-------- EXERCISE MATERIALS

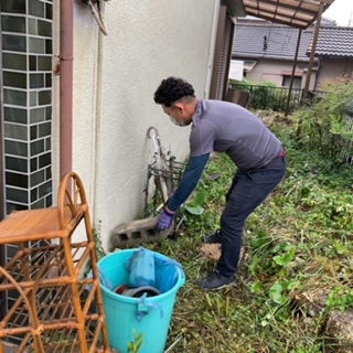 室内片づけと査定買取が進む中、外まわりを片づけます。
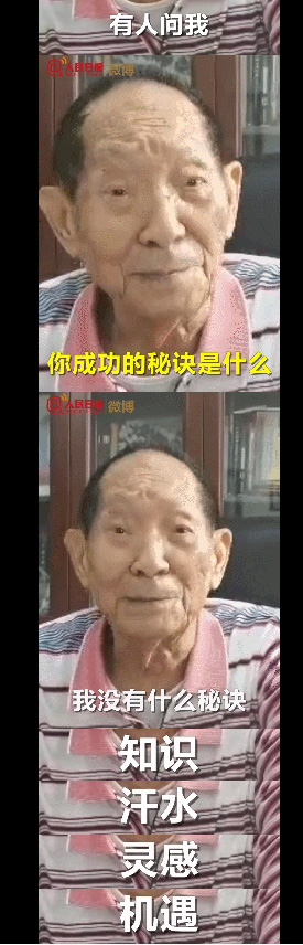视频中,袁隆平表示,经常会遇到有人向其讨要成功秘诀,他认为,自己没有什么秘诀,“我的体会是,我有八个字,知识、汗水、灵感和机遇,机遇宠爱有心人,世有伯乐,然后有千里马,好的机会都有,但如果你不是有心人,你没有经验,没有追求,那个机会就放过了。”
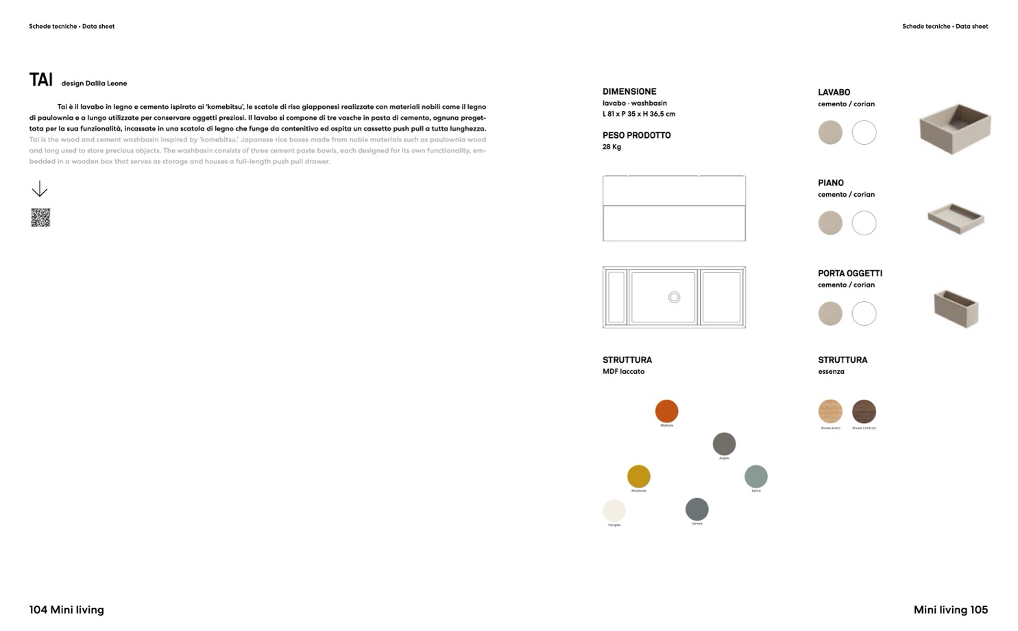 Tai is the wood and cement washbasin inspired by ‘komebitsu,’ Japanese rice boxes made from noble materials such as paulownia wood
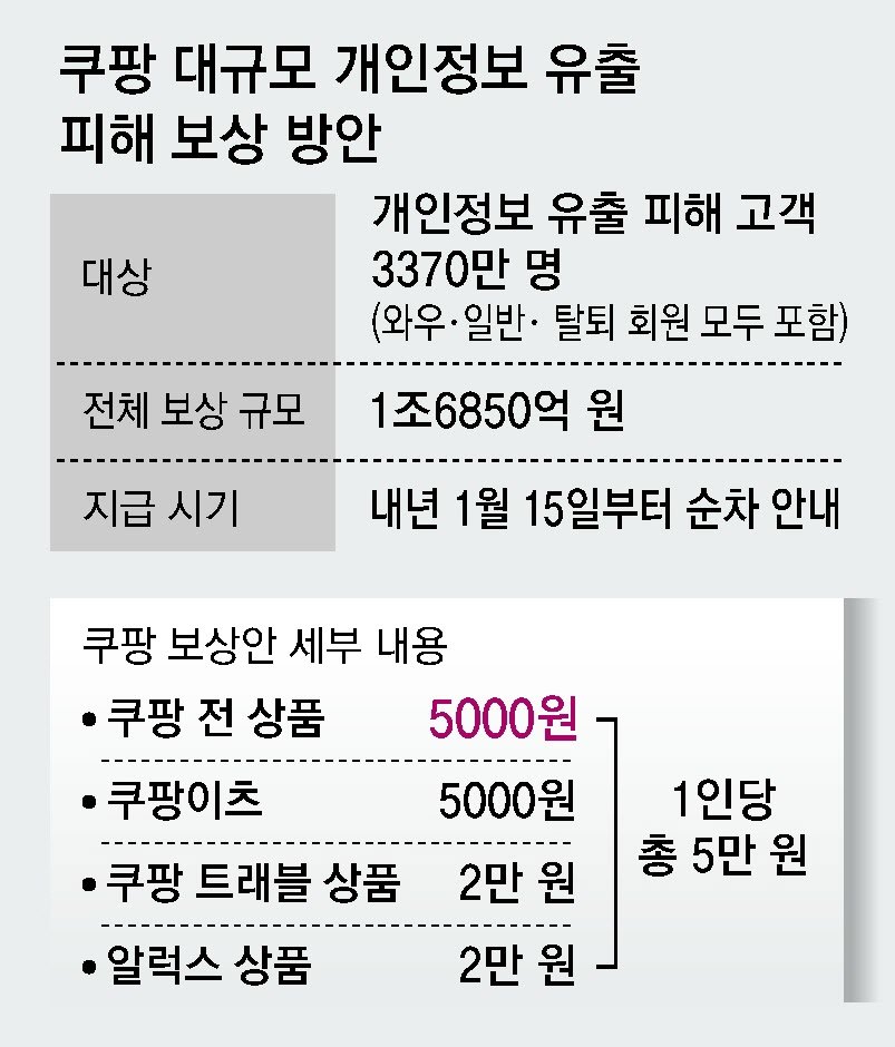 쿠팡이 3370만 명 대규모 개인정보 유출 사태 한 달여 만인 29일 1인당 5만 원 상당의 이용권을 지급하는 내용의 보상안을 내놨지만 오히려 비판 여론은 커지고 있다. 5만 원 가운데 소비자가 쿠팡에서 자유롭게 쓸 수 있는 금액은 5000원뿐이다. 30일 국회 청문회를 하루 앞두고 나온 보상안에 대해 부정적 여론이 잇따르는 가운데 생색내기용이라는 비판이 많다.
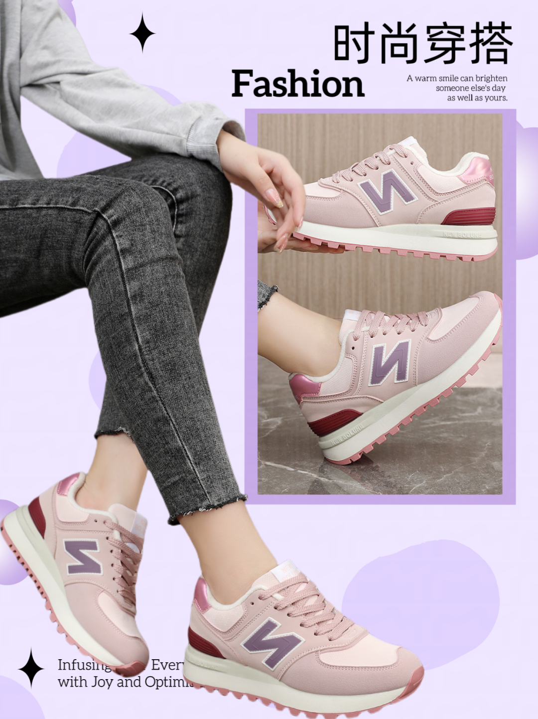 整个鞋子既有休闲时尚的外观,又有运动鞋的功能,可走可跑可跳,不磨脚不挤脚不掉跟。
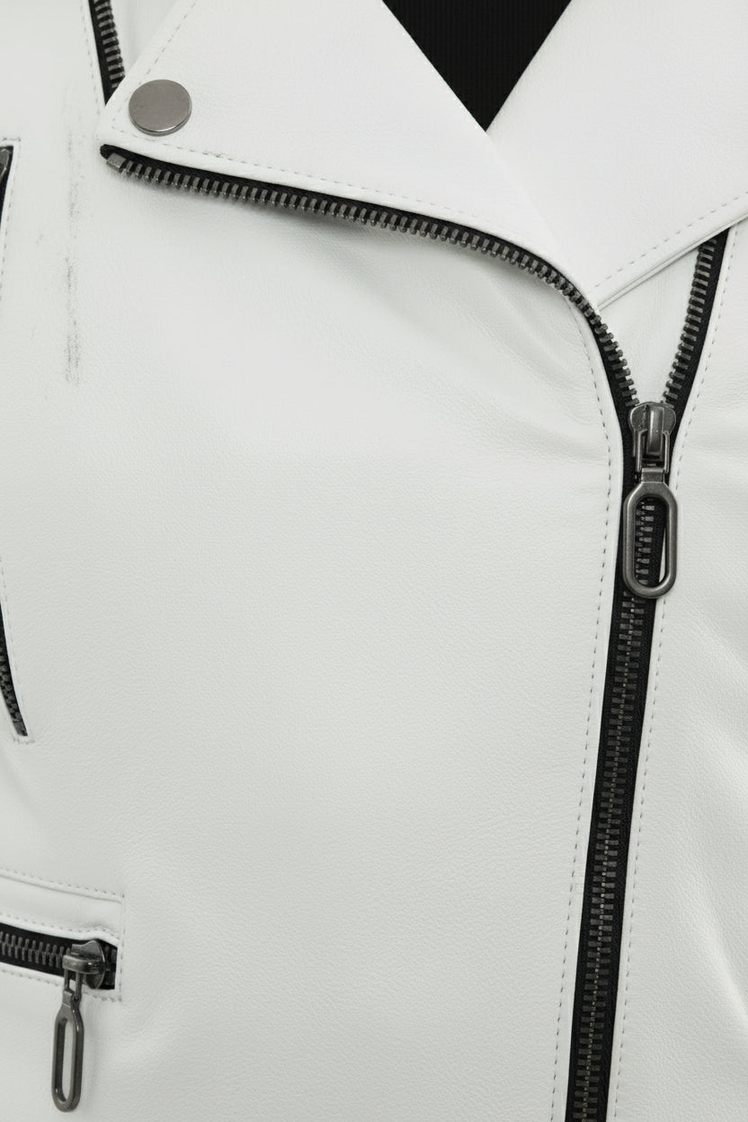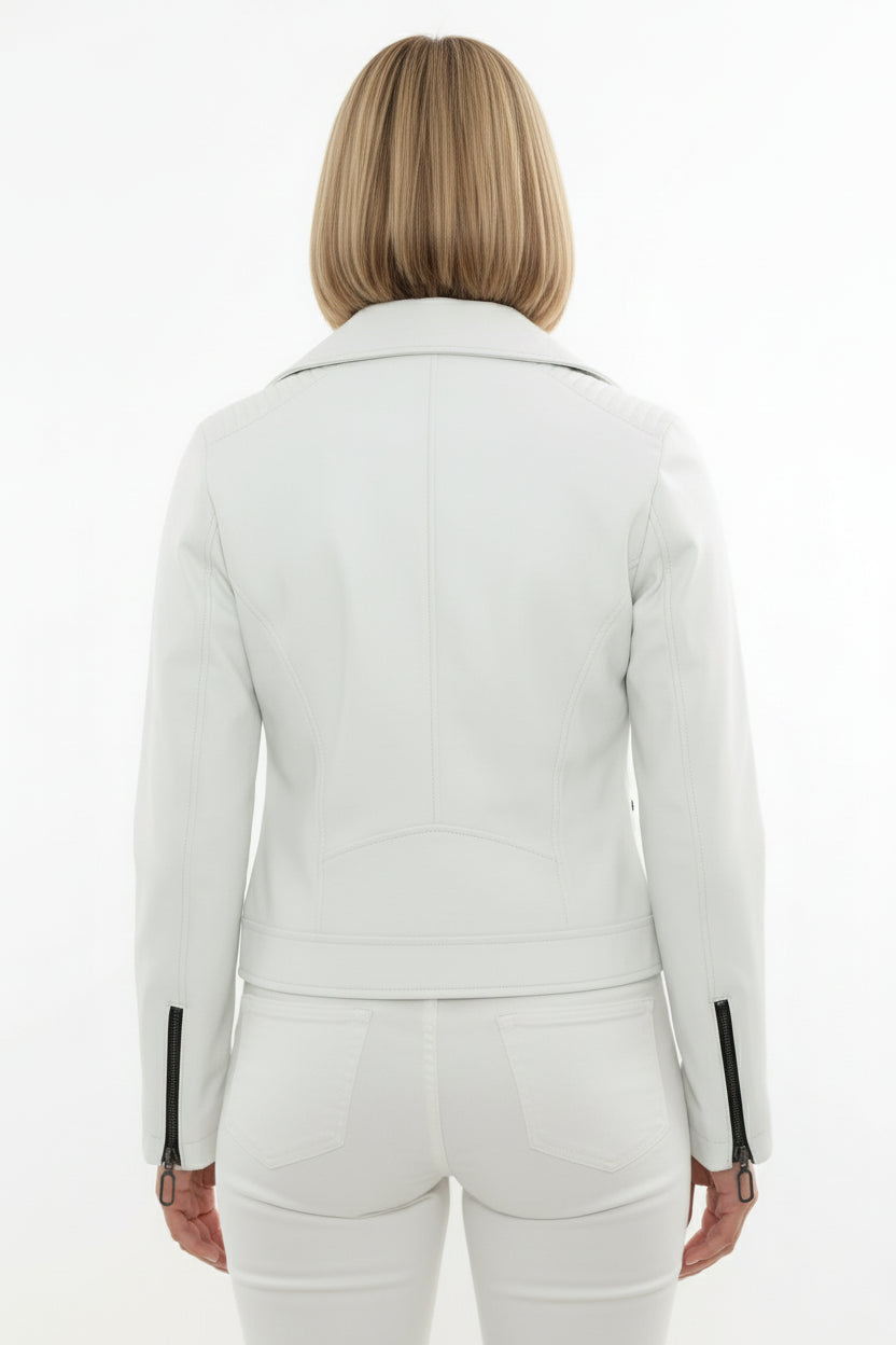 Women's White Leather Moto Jacket
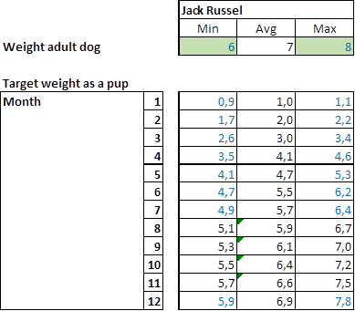 The table of target weights month by month over the first 12 months for a Jack Russel is then as follows:
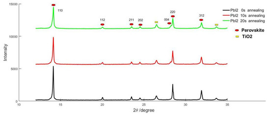 In order to explore the effect of the annealing time of PbI2 thin film on properties of corresponding perovskite thin film, we annealed PbI2 film at 70 °C for 0 s, 10 s, and 20 s, respectively. We found that the 0 s annealing PbI2 film was more conducive to the formation of high-class perovskite films in our experiment, which means that the sequential deposition route through LLLD is more conducive to the formation of qualified perovskite multi-crystalline films. In addition, we adopted a contact-type drop method to drop MAI solution in order to reduce the damage of MAI solution to PbI2 thin liquid film (illustrated in Figure 1).
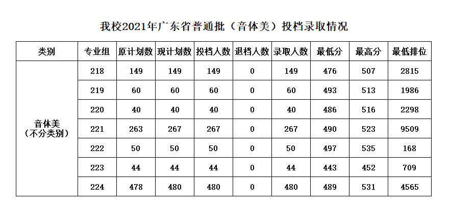 我校2021年广东省本科批体育艺术类统考专业于2021年7月21日投档,所有专业均第一志愿满档。各类投档最低分分别为:体育489分、美术490分、音乐476分、舞蹈443分和书法497分。无考生因不服从专业调剂无法录取所报专业而退档。现将我校体育艺术类统考投档录取情况公布如下:
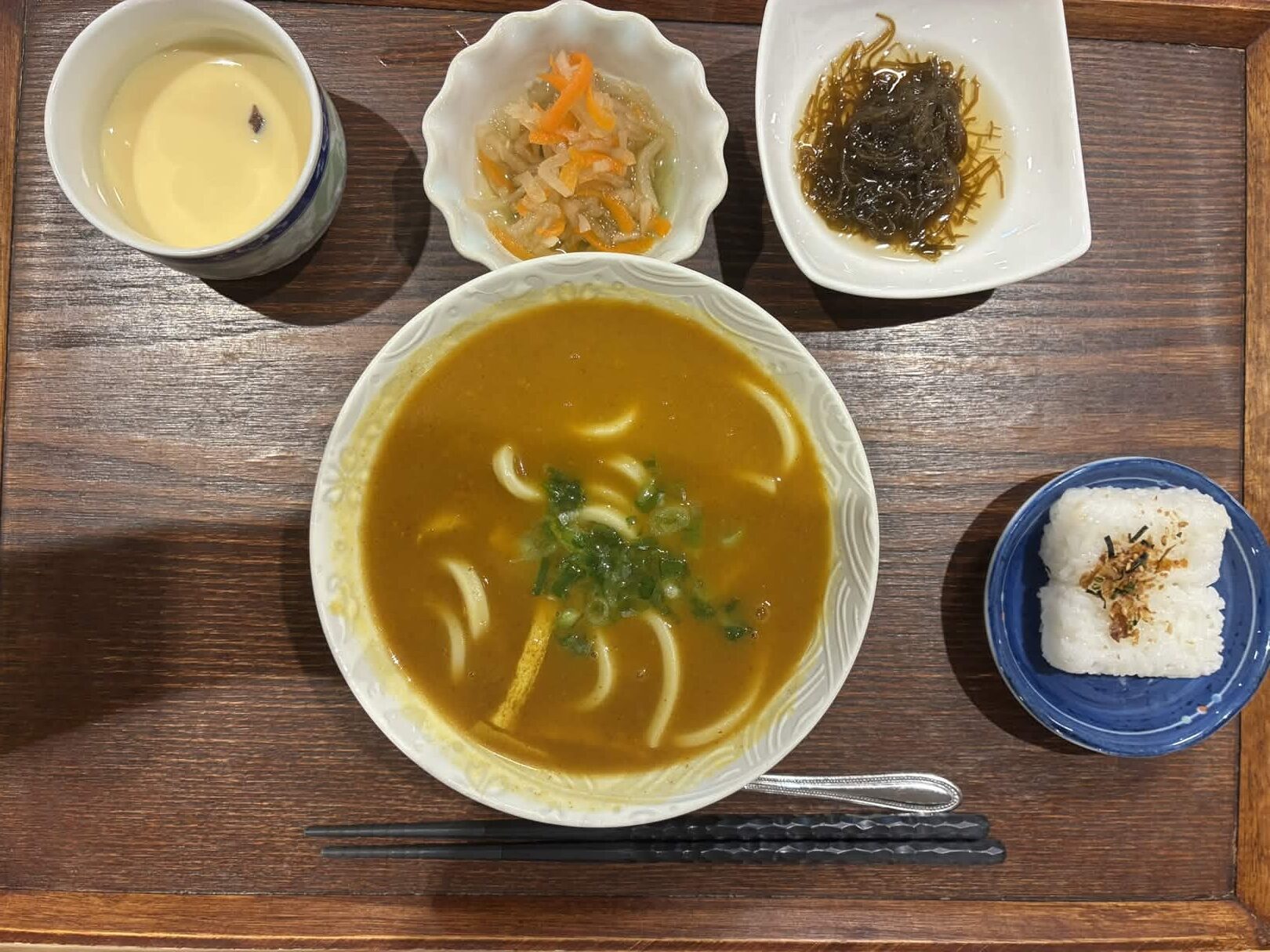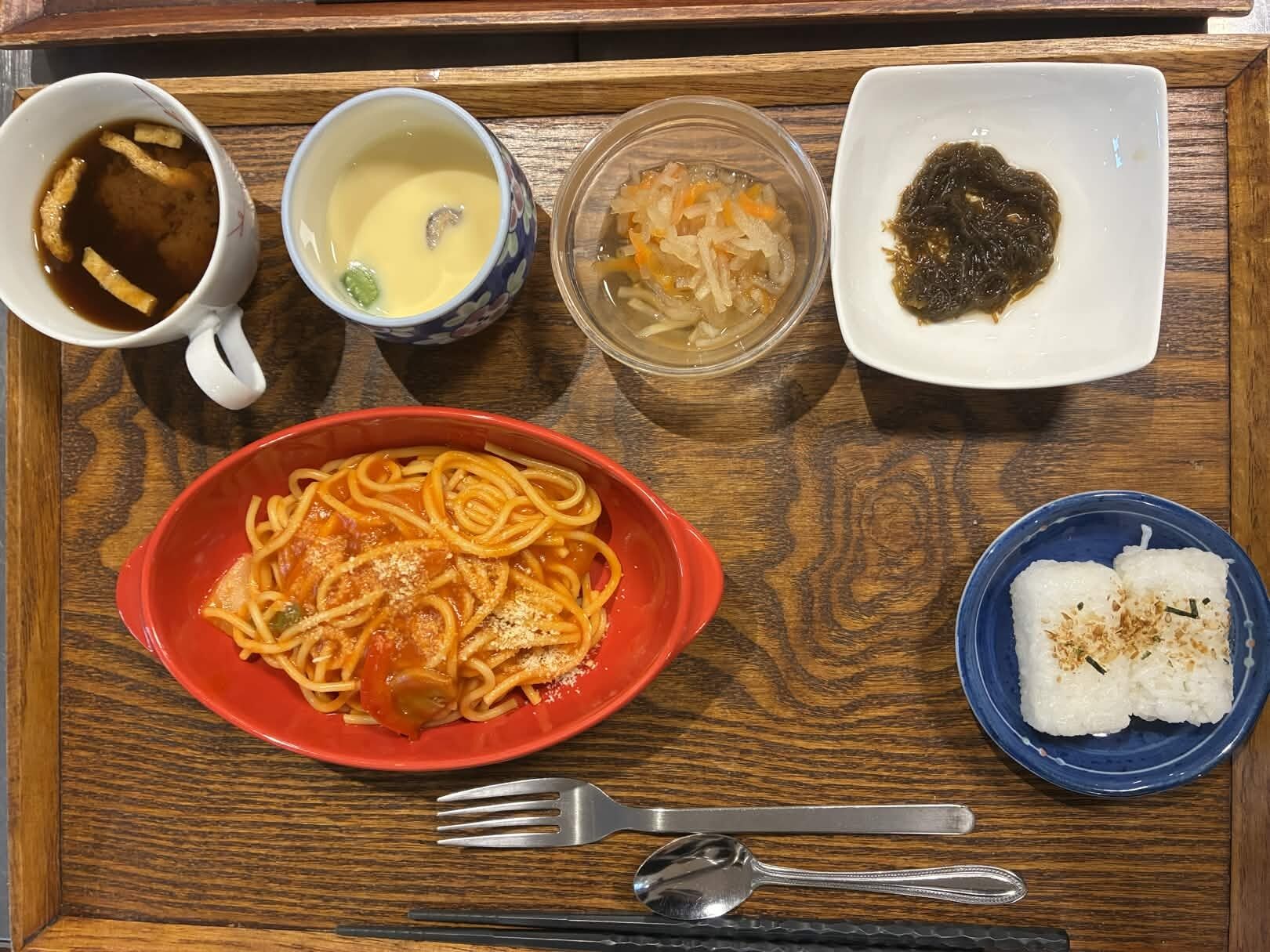 付け合わせは、おにぎり・切り干し大根の煮物・もずく酢・茶碗蒸しです。

----------------

» **EXERCISE DESCRIPTION**:
Once the pictures are removed, return the entries exactly as they stand.

» **REPLY TO THE TASK**:
 室内片づけと査定買取が進む中、外まわりを片づけます。
视频中,袁隆平表示,经常会遇到有人向其讨要成功秘诀,他认为,自己没有什么秘诀,“我的体会是,我有八个字,知识、汗水、灵感和机遇,机遇宠爱有心人,世有伯乐,然后有千里马,好的机会都有,但如果你不是有心人,你没有经验,没有追求,那个机会就放过了。”
 Tai is the wood and cement washbasin inspired by ‘komebitsu,’ Japanese rice boxes made from noble materials such as paulownia wood
 쿠팡이 3370만 명 대규모 개인정보 유출 사태 한 달여 만인 29일 1인당 5만 원 상당의 이용권을 지급하는 내용의 보상안을 내놨지만 오히려 비판 여론은 커지고 있다. 5만 원 가운데 소비자가 쿠팡에서 자유롭게 쓸 수 있는 금액은 5000원뿐이다. 30일 국회 청문회를 하루 앞두고 나온 보상안에 대해 부정적 여론이 잇따르는 가운데 생색내기용이라는 비판이 많다.
 整个鞋子既有休闲时尚的外观,又有运动鞋的功能,可走可跑可跳,不磨脚不挤脚不掉跟。
 Women's White Leather Moto Jacket
 The table of target weights month by month over the first 12 months for a Jack Russel is then as follows:
 In order to explore the effect of the annealing time of PbI2 thin film on properties of corresponding perovskite thin film, we annealed PbI2 film at 70 °C for 0 s, 10 s, and 20 s, respectively. We found that the 0 s annealing PbI2 film was more conducive to the formation of high-class perovskite films in our experiment, which means that the sequential deposition route through LLLD is more conducive to the formation of qualified perovskite multi-crystalline films. In addition, we adopted a contact-type drop method to drop MAI solution in order to reduce the damage of MAI solution to PbI2 thin liquid film (illustrated in Figure 1).
 我校2021年广东省本科批体育艺术类统考专业于2021年7月21日投档,所有专业均第一志愿满档。各类投档最低分分别为:体育489分、美术490分、音乐476分、舞蹈443分和书法497分。无考生因不服从专业调剂无法录取所报专业而退档。现将我校体育艺术类统考投档录取情况公布如下:
 付け合わせは、おにぎり・切り干し大根の煮物・もずく酢・茶碗蒸しです。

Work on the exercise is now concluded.